El Fondo Monetario Internacional recién disminuyó sus expectativas del crecimiento. Para la economía mundial bajó la tasa de 3.4 por ciento a 3.2 por ciento en 2016, y de 3.6 por ciento a 3.1 por ciento en 2017. Para Estados Unidos de 2.6 por ciento a 2.4 por ciento, y de 2.6 por ciento a 2.5 por ciento en los años citados. Para México la ubicó de 2.6 a 2.4 por ciento, y de 2.9 a 2.6 por ciento.

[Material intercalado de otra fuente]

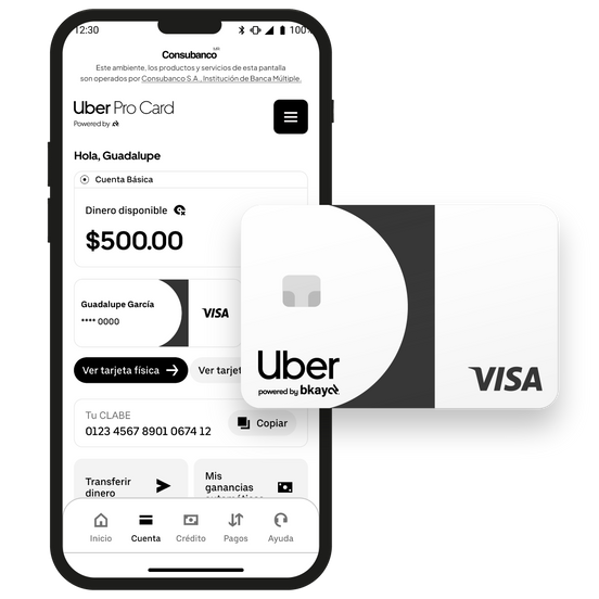 La aplicación Uber Pro Card es propiedad de Consubanco S.A. Institución de Banca Múltiple (Consubanco), empresa autorizada por la Comisión Nacional Bancaria y de Valores para constituirse y operar como Institución Financiera de Banca Múltiple, enfocada a ofrecer servicios bancarios y financieros. Las cuentas de ahorro y los depósitos son operados exclusivamente por Consubanco. Consubanco está autorizado para utilizar la marca registrada Uber Pro Card.
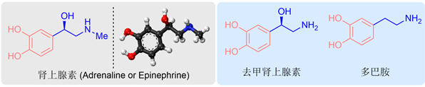 作为儿茶酚胺(catecholamine)家族的成员,肾上腺素的结构并不复杂,它由儿茶酚(邻苯二酚)和侧链氨基组成,因而具有较大的极性和良好的水溶性。值得注意的是,肾上腺素侧链含有一个手性碳原子,和众多生命物质如蛋白质、核酸和多糖在自然界中几乎都是以单一构型存在一样,肾上腺素在生命体内都以L-型存在。
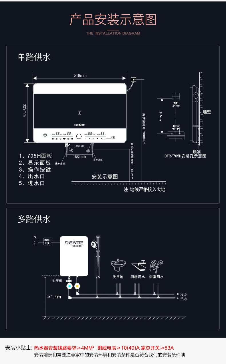 德恩特DTR/3XH 三相電動力 暢爽淋浴水電分離
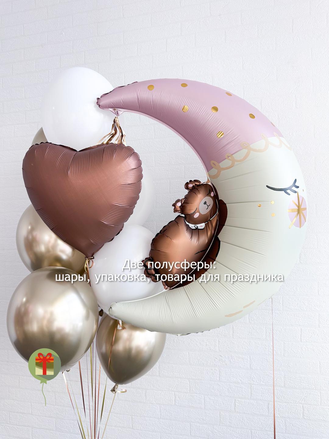 Фольгированная фигурка мишка на луне и фонтан из 10 шаров: фольгированное сердце 45 см, 4 шара хром и 5 шаров пастель. Грузики и пакеты включены в стоимость.
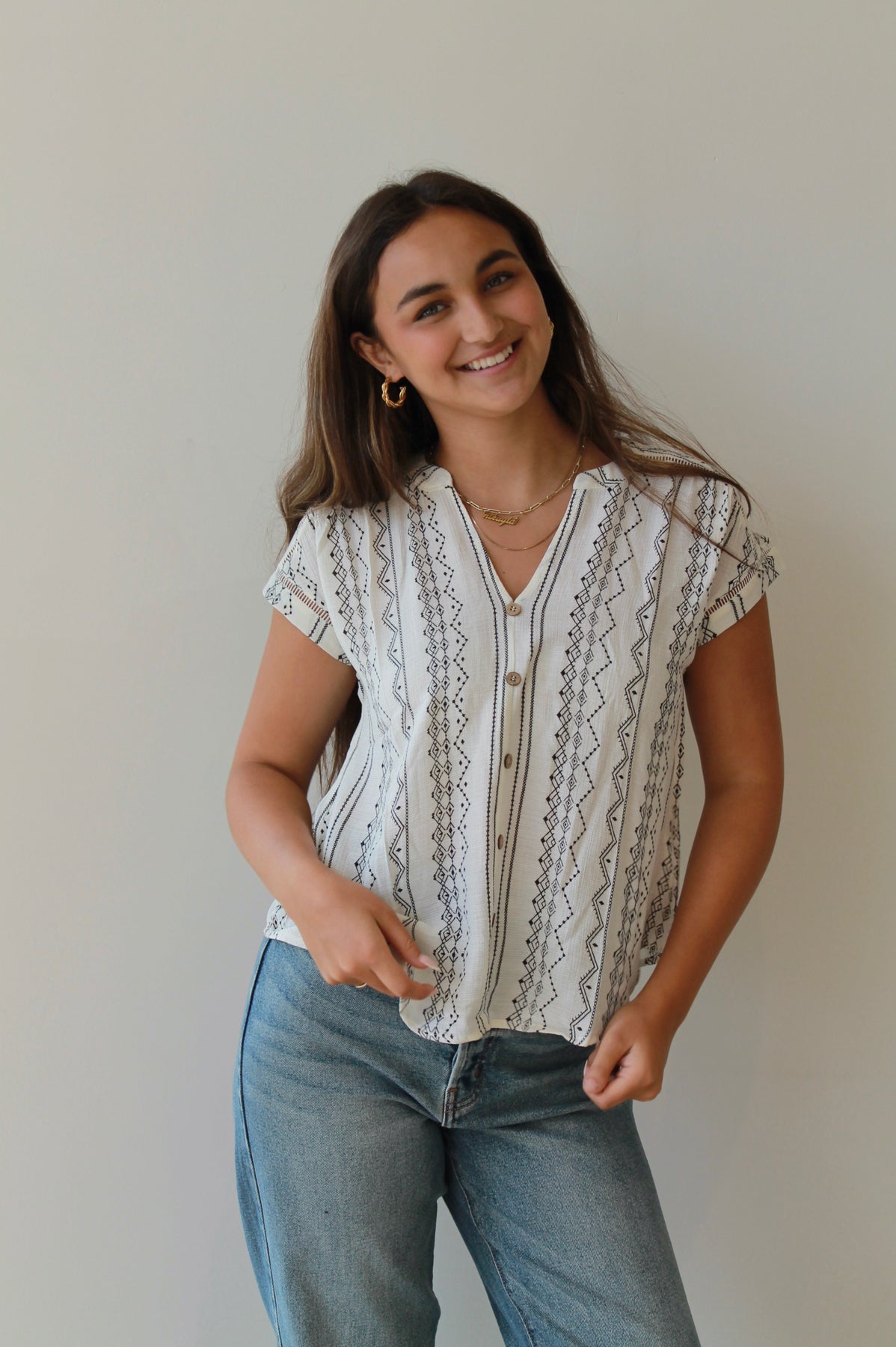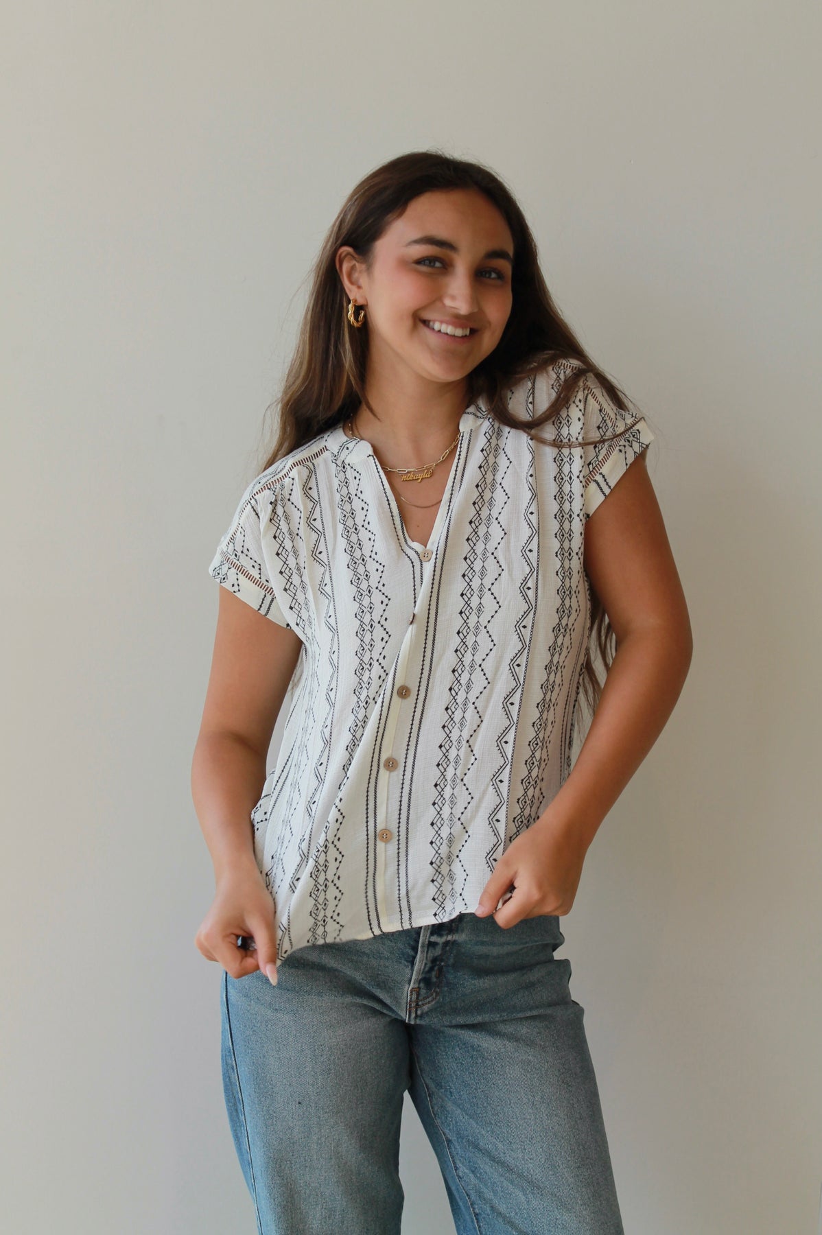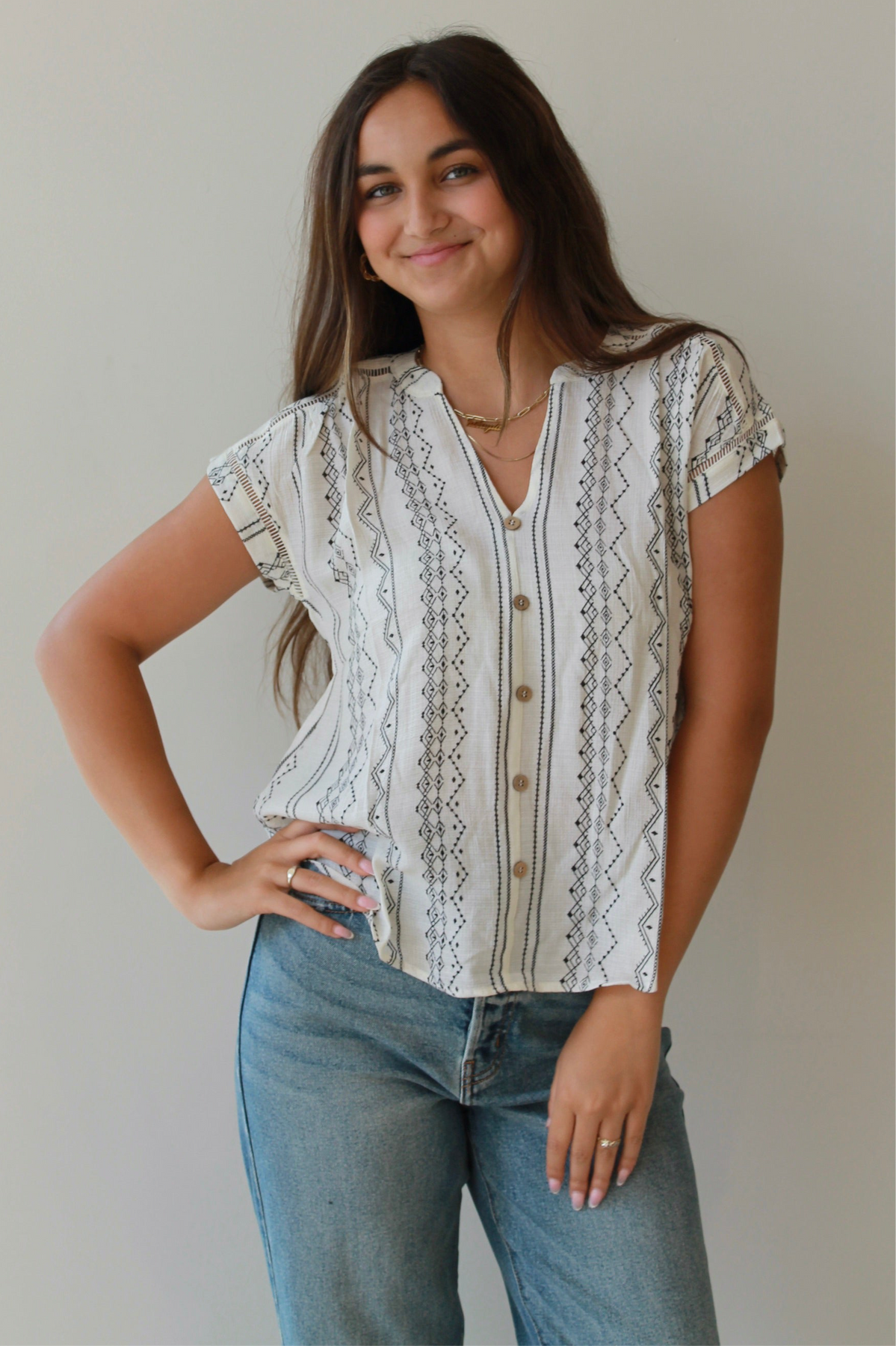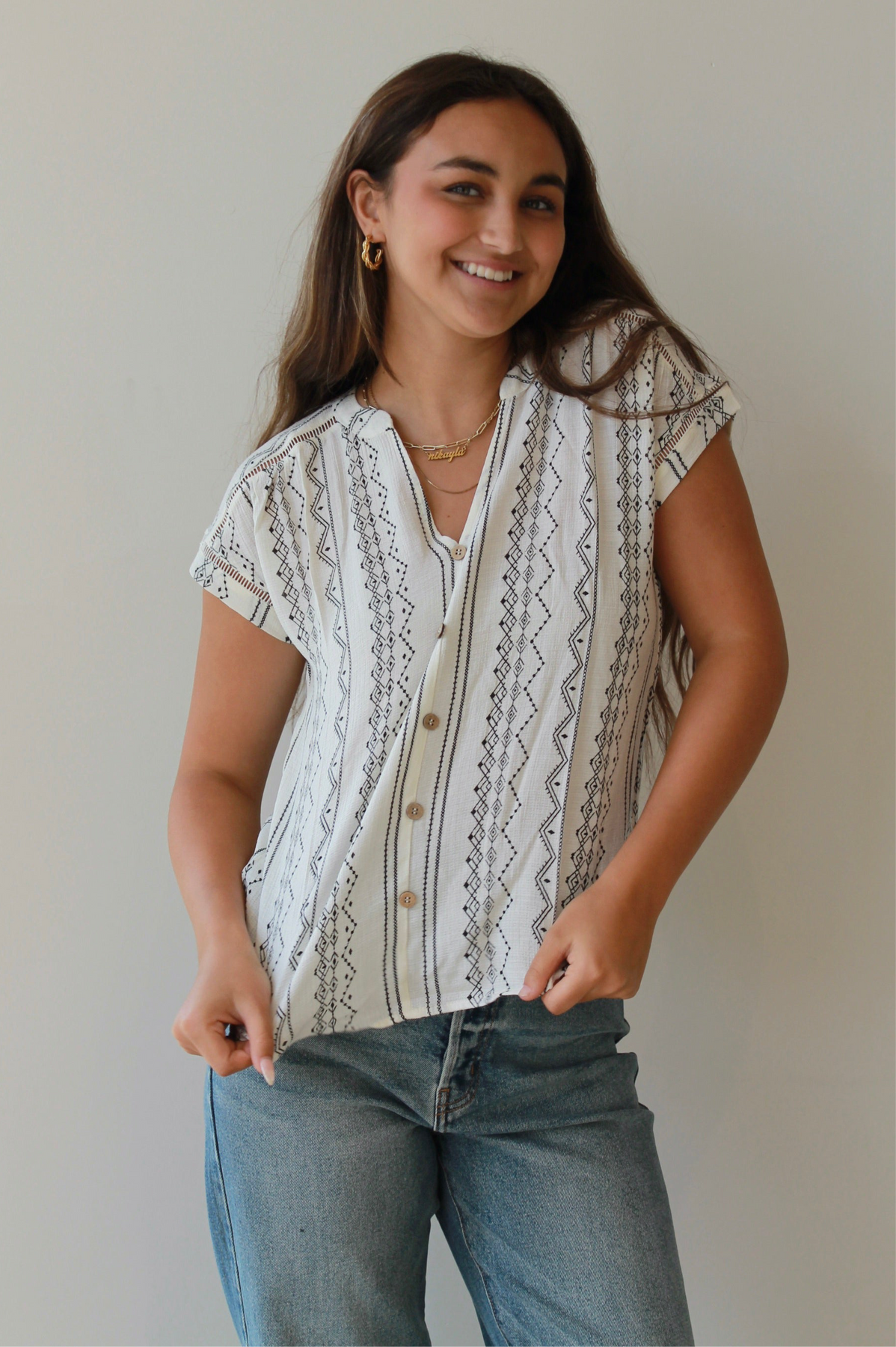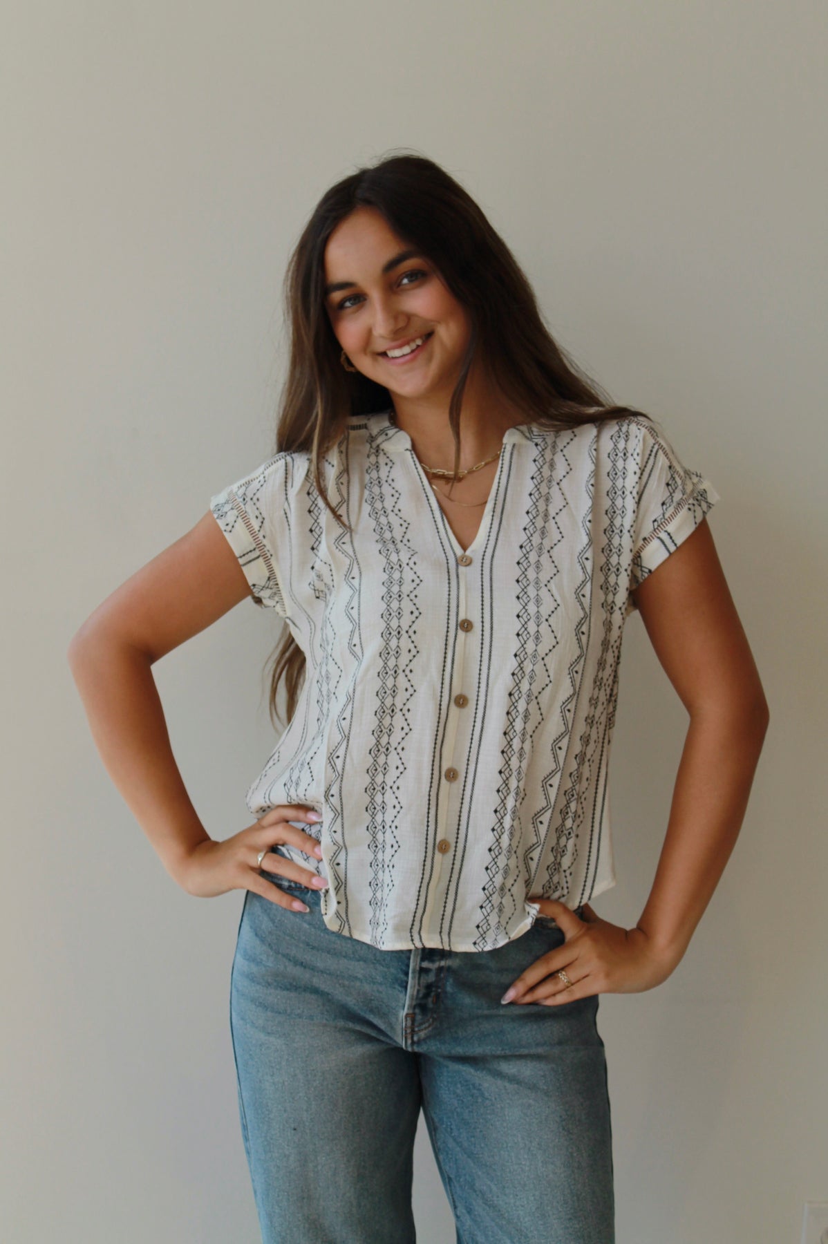 Elevate your everyday look with the Savannah Stitch Button-Down Top – a lightweight, breezy blouse featuring a timeless black geometric stripe design on soft ivory fabric. With its relaxed fit, cuffed short sleeves, and flattering V-neckline, this piece effortlessly combines comfort and casual elegance. The wooden-style buttons and subtle curved hem add a touch of boho charm, perfect for pairing with denim or linen shorts for a laid-back, polished outfit.
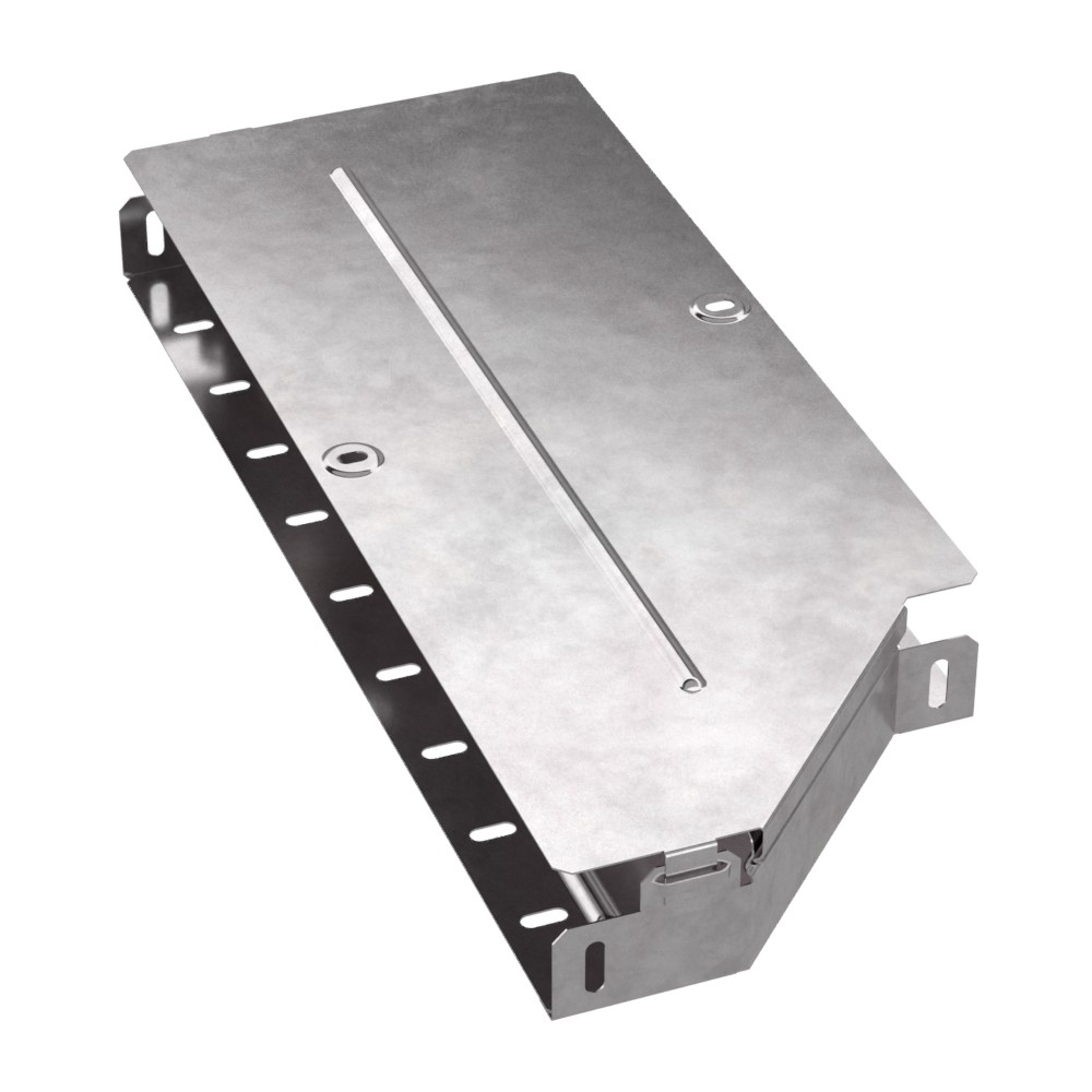 Аксессуары изготовленные из стали с защитным покрытием по методу Сендзимира – это изделия, на которых защитное цинковое покрытие было нанесено на листовую сталь перед изготовлением. Толщина защитного покрытия варьируется от 10 до 22мкм. Климатическое исполнение изделий УХЛ2, что предусматривают эксплуатацию в помещении и под навесом, при температуре эксплуатации от -80 до +150°С. Переходник левый предназначен для перехода с одной ширины лотка на другую. В комплект входит крышка.
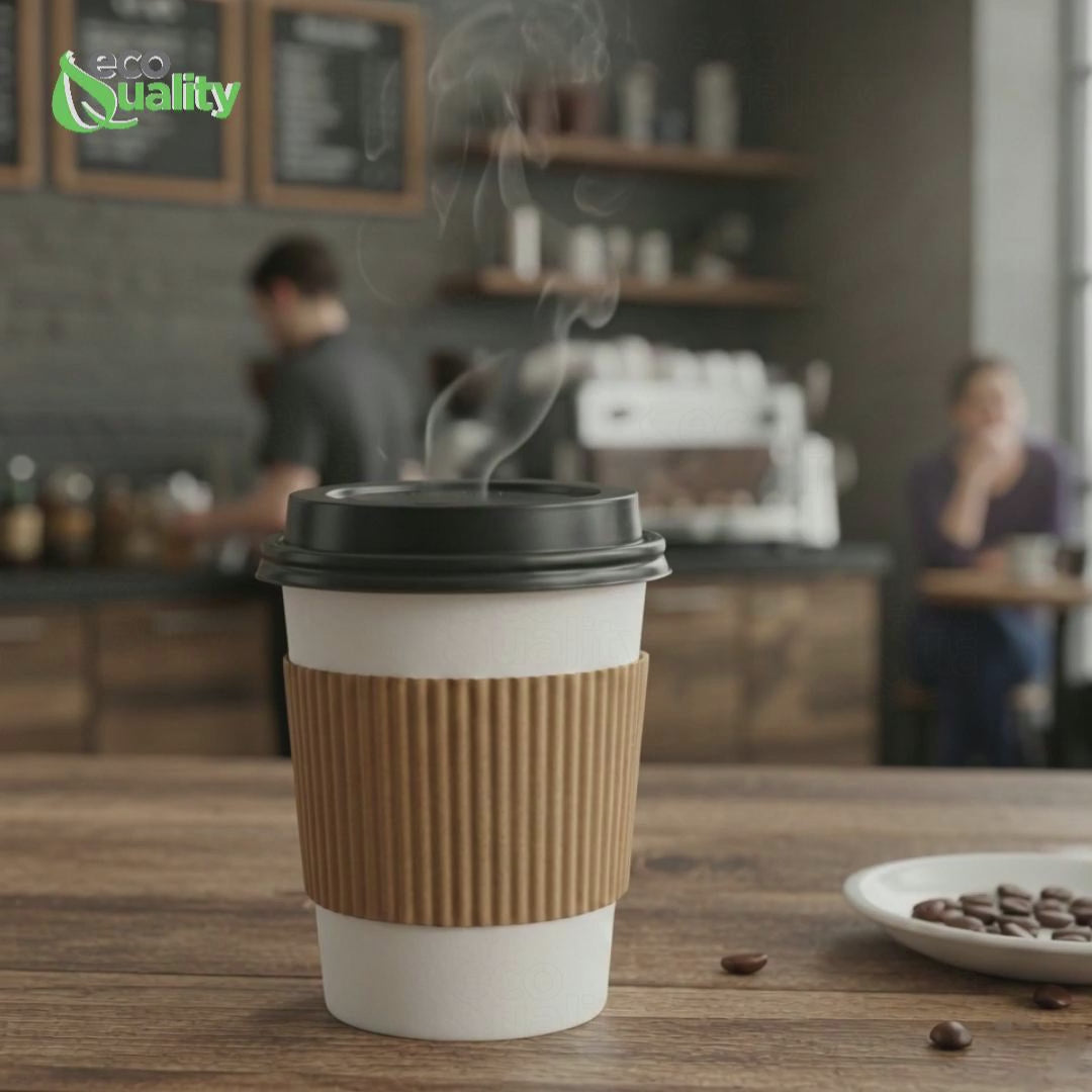 Disposable Travel Black Dome and White Dome Lids for Paper Hot Cups (10oz, 12oz, 16oz, 20oz)

En términos de valor, el comercio internacional aumentó 22 por ciento en 2010, en 2012-2014 se estancó (casi cero por ciento) y en 2015 se desplomó en 13 por ciento, según datos de la Organización Mundial de Comercio, debido sobre todo a los malos precios de las materias primas. Para 2016 y 2017 ese organismo estima que será de alrededor de 3 por ciento.

Esos pronósticos y la volatilidad de los mercados financieros son nocivos para México, que ya resiente sus estragos. En enero-abril de 2015, las exportaciones acumuladas totales nacionales habían decrecido en 0.7 por ciento. En el mismo lapso de 2016, cayeron en 6.7 por ciento. Las petroleras se desplomaron en 46 y 42 por ciento en los mismos periodos. Las no petroleras que habían atenuado el colapso de los hidrocarburos, aumentaron 5.6 por ciento en el cuatrimestre citado de 2015. Pero en el mismo periodo de este año retrocedieron 4 por ciento. Las ventas en Estados Unidos dejaron de crecer en los mismos meses del año anterior y en los de este registran un signo negativo de 5 por ciento.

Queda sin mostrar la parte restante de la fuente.